## Requirement
Leave out the pictures, and write out exactly the lines from the beginning of the material to the line holding "Nomikuma 夏ビーズ O", that line included, and nothing else.

<<<<

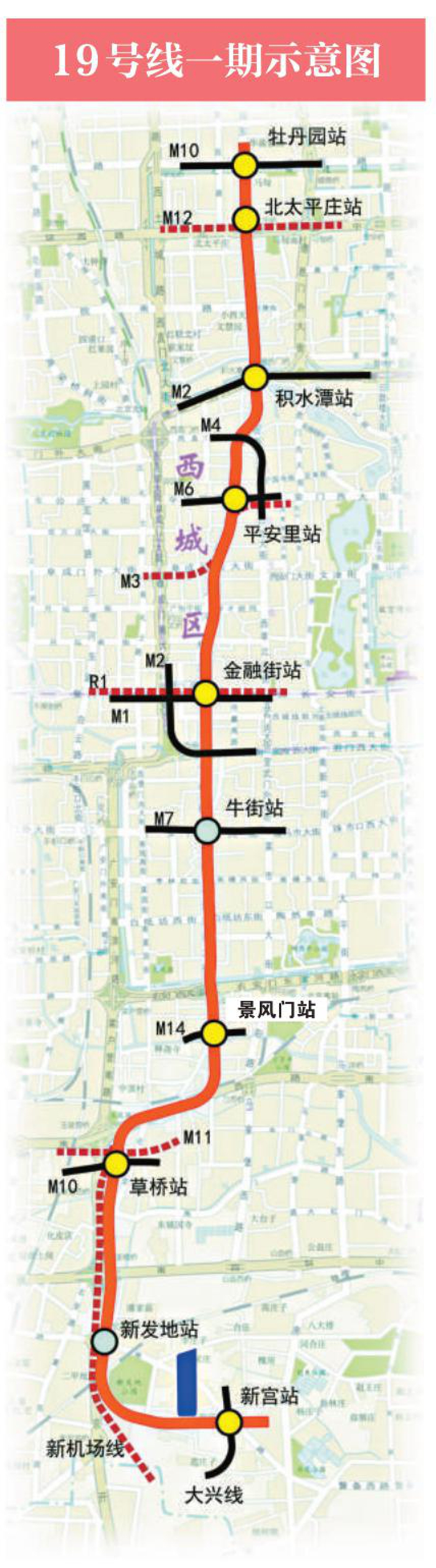 19号线是京城中部一条贯穿南北的动脉线,一期长22.4公里,设10座车站,除新发地站和牛街站,其余8站均为换乘站,分别与2号线、6号线、10号线等骨干线路换乘,特别是在草桥站可实现与大兴机场线换乘。19号线速度高、运量大,定员增加约60%,速度提升50%,乘客由新宫至金融街仅耗时15分钟,比目前乘坐4号线-大兴线节省约18分钟,预计对4号线-大兴线南段分流10%左右。同时,牡丹园至草桥可缩短30分钟。
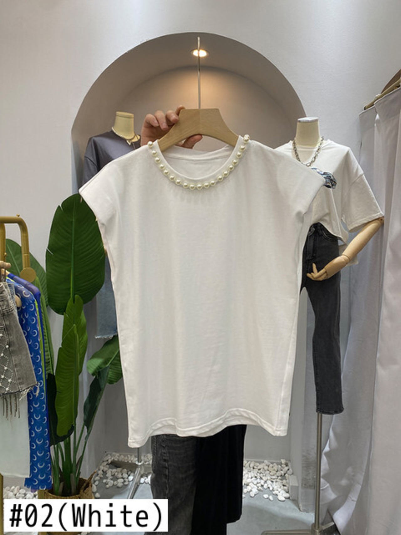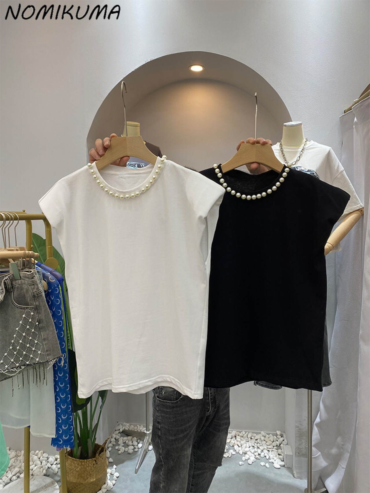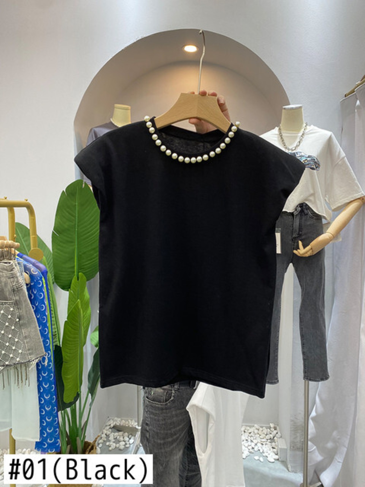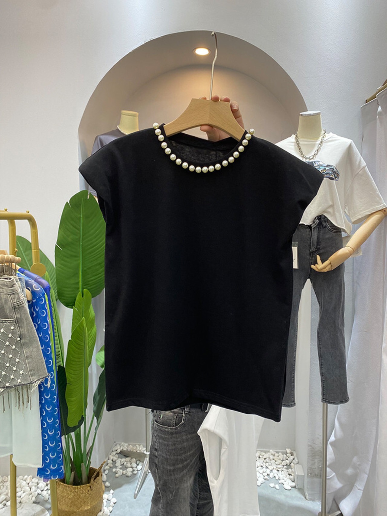 Nomikuma 夏ビーズ O ネック ノースリーブ シャツ因果無地プルオーバー グラフィック T シャツ サマー 夏物 Oネック Tシャツ ソリッドカラー
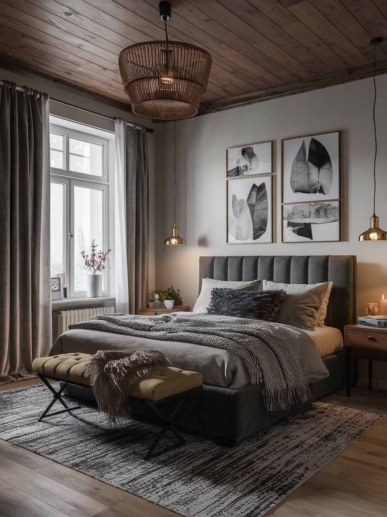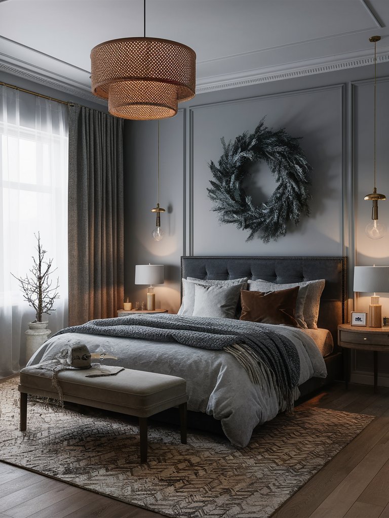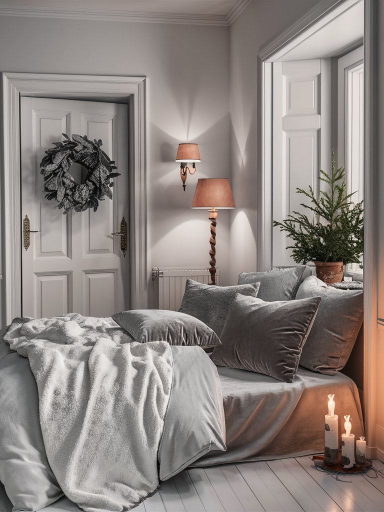 The bed, dressed in plush gray velvet and layered with textured pillows, exudes winter warmth. The luxurious fabric of the bedding invites relaxation and adds a tactile quality to the room. This setup emphasizes the impact of using rich textures to make a winter bedroom feel inviting, demonstrating how velvet and plush fabrics can elevate the comfort level of any sleeping space.
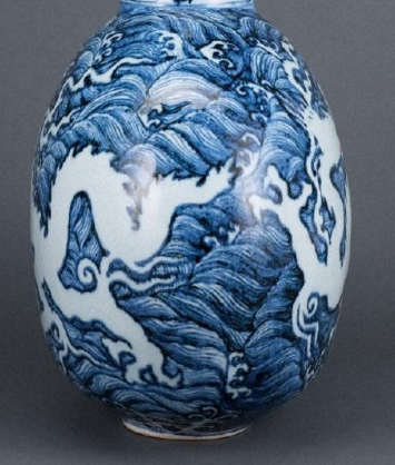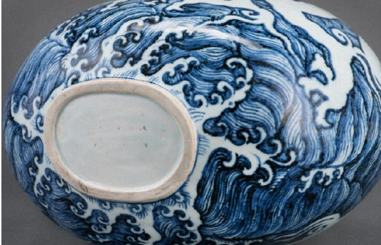 明永乐青花龙波涛纹扁壶(亦称海水龙纹扁壶),该馆藏品的青花发色浓艳,采用进口钴料“苏麻离青”,釉面可见银黑色结晶斑点,海水纹与留白龙纹形成强烈对比,龙形矫健腾跃于惊涛之上;整体呈圆口、长颈、扁圆腹、平底结构,部分器物底部为椭圆形浅圈足3。其装饰层次分明,颈部绘卷草纹与缠枝莲纹,腹部则以青花留白海水龙纹为核心——一条矫健威猛的白龙回首曲体,须发飘扬,四肢伸张,在波涛汹涌的青花海水纹中遨游,通过青花与留白的强烈对比,营造出汹涌澎湃的动感
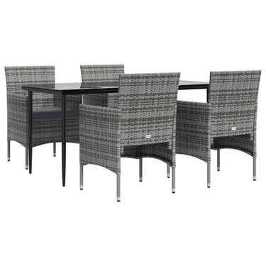 Cet ensemble de salle à manger de jardin, au design élégant et contemporain, est un excellent choix pour manger ou se détendre dans le jardin. Matériau résistant aux intempéries : fabriqué en résine tressée résistante aux intempéries et à l'eau, cet ensemble de salle à manger de jardin est facile à nettoyer, résistant à l'usure et adapté à un usage quotidien.Cadre robuste : les cadres en acier enduit de poudre rendent l'ensemble de salle à manger d'extérieur robuste et stable pour une utilisation quotidienne à l'extérieur.Dessus de table pratique : le dessus lisse de la table de salle à manger est en verre trempé, facile à nettoyer avec un chiffon humide. De plus, le dessus robuste est parfait pour placer des repas, des boissons et d'autres objets décoratifs.Design confortable : conçues avec des dossiers et des accoudoirs incurvés, ces chaises d'extérieur offrent un maximum de confort.Confort supplémentaire : les coussins bien rembourrés offrent un confort ultime pendant votre temps d'assise. Remarque :Afin de prolonger la durée de vie de votre mobilier d'extérieur, nous vous recommandons de le protéger avec une housse imperméable.Chaque produit est livré avec un manuel de montage dans la boîte pour un montage facile.
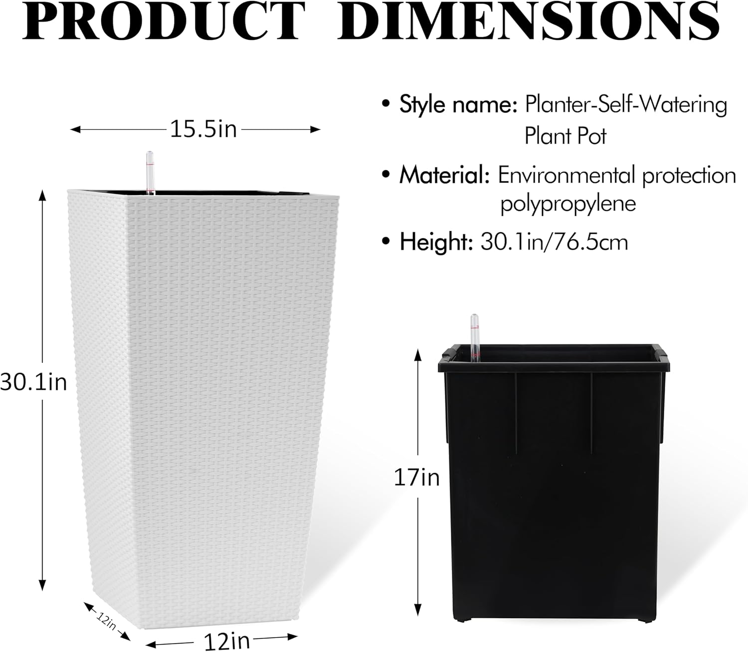 30in Tall Large Plant Pots Planter-Self-Watering Indoor/Outdoor Planting with Drain Holes, Water Level Monitor, Inner Bucket for Front Porch Patio, White Large

>>>>

## Task response
 19号线是京城中部一条贯穿南北的动脉线,一期长22.4公里,设10座车站,除新发地站和牛街站,其余8站均为换乘站,分别与2号线、6号线、10号线等骨干线路换乘,特别是在草桥站可实现与大兴机场线换乘。19号线速度高、运量大,定员增加约60%,速度提升50%,乘客由新宫至金融街仅耗时15分钟,比目前乘坐4号线-大兴线节省约18分钟,预计对4号线-大兴线南段分流10%左右。同时,牡丹园至草桥可缩短30分钟。
 Nomikuma 夏ビーズ O ネック ノースリーブ シャツ因果無地プルオーバー グラフィック T シャツ サマー 夏物 Oネック Tシャツ ソリッドカラー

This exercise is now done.